The Supreme Court on Monday said that a five-judge Constitution bench led by Justice DY Chandrachud will on September 7 hear the dispute between the Centre and the Delhi government about the control of administrative services in the national capital, PTI reported.

The decision was taken after senior advocate, AM Singhvi, appearing for the Delhi government requested a bench headed by Chief Justice Uday Umesh Lalit to list the matter urgently.

“I will have a word with Justice DY Chandrachud,” the chief justice said. “We will list it before a CB [Constitution bench] headed by Justice Chandrachud the day after tomorrow.”

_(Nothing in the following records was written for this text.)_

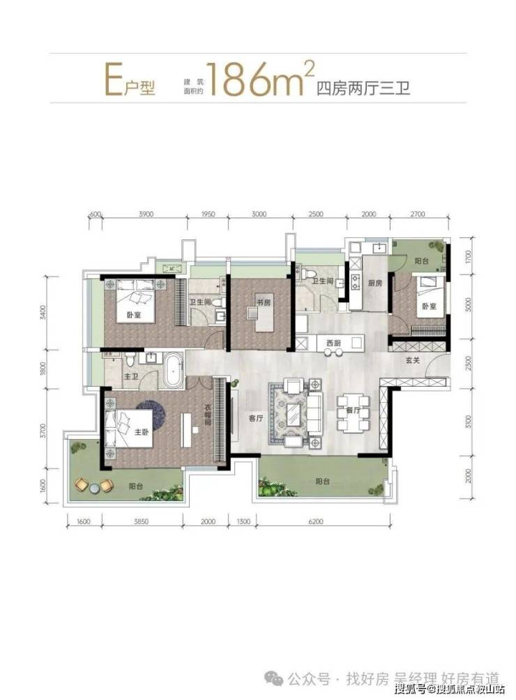 6. E户型(186㎡ 四房两厅三卫)
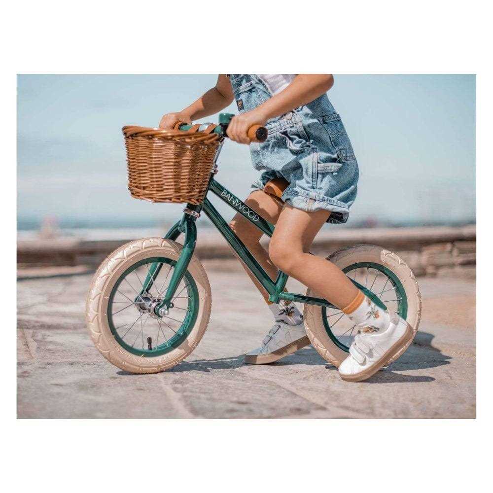 This Banwood First Go balance bike is one of the most stylish on the market. With its steel frame and adjustable handlebars it helps your child develop essential skills such as confidence motor skills and of course balance. Perfect for that all important Christmas or birthday gift this Banwood balance bike is sure to wow your child and entertain them for hours. Whats Included · Steel Frame · Bike Seat · 12 Wheels · Safety Bell · Wicker Basket · Easy Assembly. Features · Minimal Seat Height 40 cm · Maximum Seat Height 50 cm · Adjustable Height Handlebar 50 cm to 59 cm · Ergonomic and Comfortable Seat · Wicker Basket and Bell accessories included · Weight 4.5 Kg · CE Certification for children between 3-5 years Your child will love playing on the Banwood First Go Balance Bike Suitable for use from approximately 2 to 4 years your little one will have hours of fun playing with this bike. A balance bike is a perfect introduction for your little one to the wonders of cycling giving them the freedom to play and explore their natural motor skills until they are ready for the transition to pedals. The classic steel upright frame is safe and durable and features a handy wicker basket for stowing trusty friends and other precious treasures collected on their journey. Steel frame in a choice of white vanilla pink dark green navy blue or red. The minimal seat height is 37 cm and the maximum seat height is 44 cm. The handlebar height is adjustable from 50 to 59 cm with 12 wheels and weighs 4.5 Kg. Matching helmet also available to buy separately here.
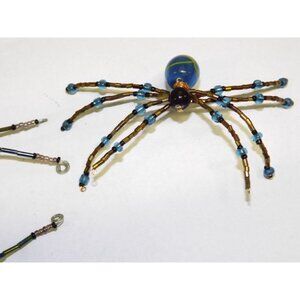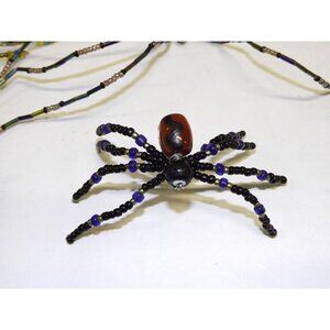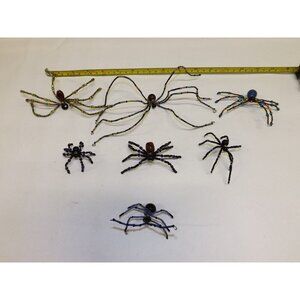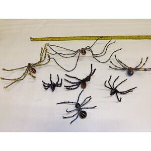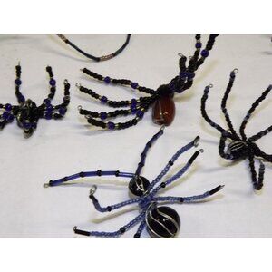 Handmade Beaded Spider Ornaments Set Of 7 Decor Figurines Beads Stones Ooak BagE
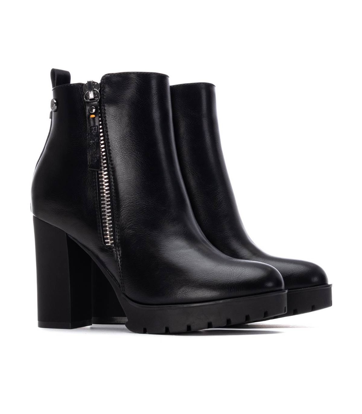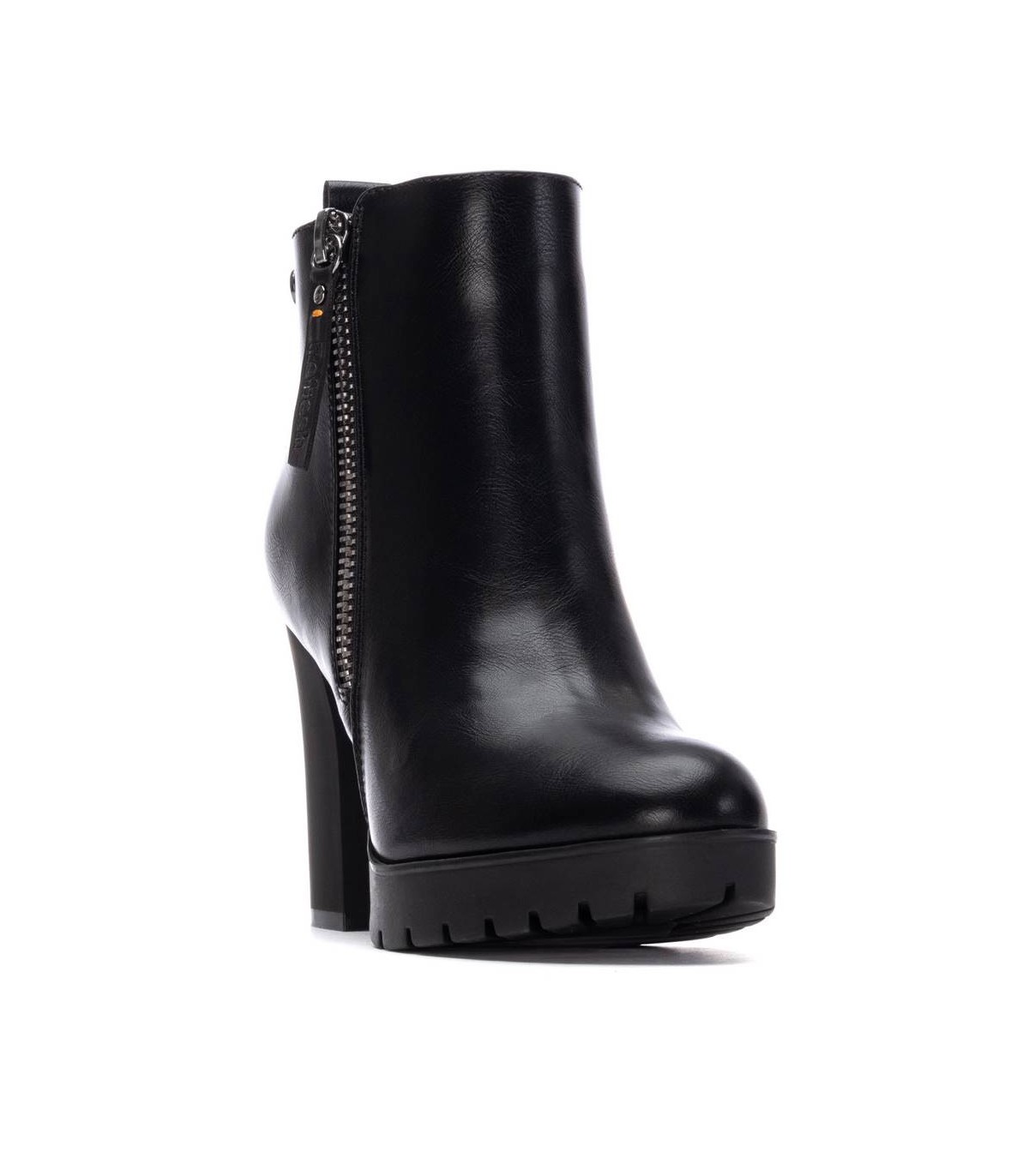 Botín de mujer, de la marca Refresh. Fabricado en un material que imita la piel. Cierre mediante cremallera interior. Tacón 10 cm con plataforma antideslizante para mayor comodidad. Un básico para completar los mejores looks de la temporada. Este modelo ha obtenido el certificado vegano por la organización mundial PETA (Organización de los derechos de los animales).

Meanwhile, Solicitor General Tushar Mehta, representing the Centre, said that he needs a few more days to prepare for the proceedings.

In April, the Centre had filed a plea in the Supreme Court stating that the dispute should be referred to a larger bench. The Union government has contended that it needed the power to make transfers and postings of officials in Delhi as it is the country’s capital.

In 2018, a five-judge Constitution bench of the Supreme Court said that the lieutenant governor of Delhi, who is appointed by the President of India, is bound by the “aid and advice” of the council of ministers of the Delhi government in all matters under its jurisdiction.

It also said that the lieutenant governor cannot act in a mechanical manner. The bench added that the Centre cannot “usurp powers on areas within the dominion of states” while noting that Delhi does not have the status of a state.

Meanwhile, the ruling Aam Aadmi Party government in Delhi had opposed the Centre’s submission and contended that there was no need for the matter to be sent to a larger bench. Advocate Singhvi had said that the 2018 judgement had no ambiguity about the state government’s powers.

Earlier in February 2019, a two-judge bench of the Supreme Court had delivered a split verdict on the power tussle in Delhi.

Justices AK Sikri and Ashok Bhushan, who were on the two-judge bench, referred the matter of jurisdiction over “services” to a larger bench. On other matters under consideration, the judges delivered concurring verdicts.